◆ **WHAT THE TASK ASKS**:
Take the lines below from the one with "Hex #1916eb Color" through the one with "10月16日下午,2015届" and print only them, exactly. Don't print the pictures.

◆ **EXCERPTED DATA**:
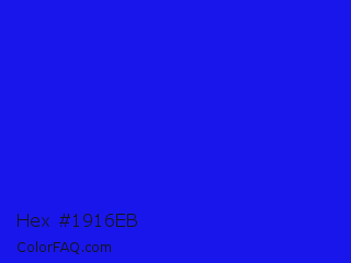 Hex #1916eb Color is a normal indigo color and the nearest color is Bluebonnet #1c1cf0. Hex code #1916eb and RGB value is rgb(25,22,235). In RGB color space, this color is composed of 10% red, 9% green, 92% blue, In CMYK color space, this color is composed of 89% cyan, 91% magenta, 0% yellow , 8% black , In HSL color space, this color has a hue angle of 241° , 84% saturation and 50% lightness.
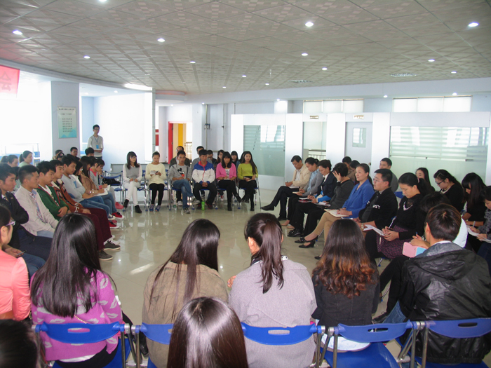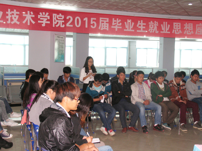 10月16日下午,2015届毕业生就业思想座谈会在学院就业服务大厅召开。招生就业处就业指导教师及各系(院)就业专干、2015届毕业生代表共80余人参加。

...

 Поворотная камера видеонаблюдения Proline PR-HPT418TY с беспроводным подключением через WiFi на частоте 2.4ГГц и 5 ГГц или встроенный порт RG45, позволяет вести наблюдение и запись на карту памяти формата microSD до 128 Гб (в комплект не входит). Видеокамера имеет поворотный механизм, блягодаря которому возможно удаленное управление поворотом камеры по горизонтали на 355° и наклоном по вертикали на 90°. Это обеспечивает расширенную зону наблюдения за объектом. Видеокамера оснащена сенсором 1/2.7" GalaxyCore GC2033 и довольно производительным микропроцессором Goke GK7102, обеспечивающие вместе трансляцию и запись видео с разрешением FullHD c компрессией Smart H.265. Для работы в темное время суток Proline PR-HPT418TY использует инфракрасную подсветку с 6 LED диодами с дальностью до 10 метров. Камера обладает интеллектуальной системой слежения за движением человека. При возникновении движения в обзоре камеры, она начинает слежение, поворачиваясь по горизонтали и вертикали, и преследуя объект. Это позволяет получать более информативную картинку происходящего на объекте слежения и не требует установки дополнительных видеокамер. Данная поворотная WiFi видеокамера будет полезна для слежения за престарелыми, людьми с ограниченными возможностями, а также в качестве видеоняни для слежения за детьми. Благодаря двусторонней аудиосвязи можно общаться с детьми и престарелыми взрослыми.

--

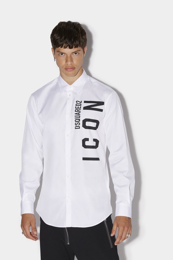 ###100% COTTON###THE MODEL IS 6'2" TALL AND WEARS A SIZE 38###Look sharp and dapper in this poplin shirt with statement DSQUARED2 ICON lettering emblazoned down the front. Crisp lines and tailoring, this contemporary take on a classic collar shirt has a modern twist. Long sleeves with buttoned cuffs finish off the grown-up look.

◆ **EXERCISE OUTPUT**:
 Hex #1916eb Color is a normal indigo color and the nearest color is Bluebonnet #1c1cf0. Hex code #1916eb and RGB value is rgb(25,22,235). In RGB color space, this color is composed of 10% red, 9% green, 92% blue, In CMYK color space, this color is composed of 89% cyan, 91% magenta, 0% yellow , 8% black , In HSL color space, this color has a hue angle of 241° , 84% saturation and 50% lightness.
 10月16日下午,2015届毕业生就业思想座谈会在学院就业服务大厅召开。招生就业处就业指导教师及各系(院)就业专干、2015届毕业生代表共80余人参加。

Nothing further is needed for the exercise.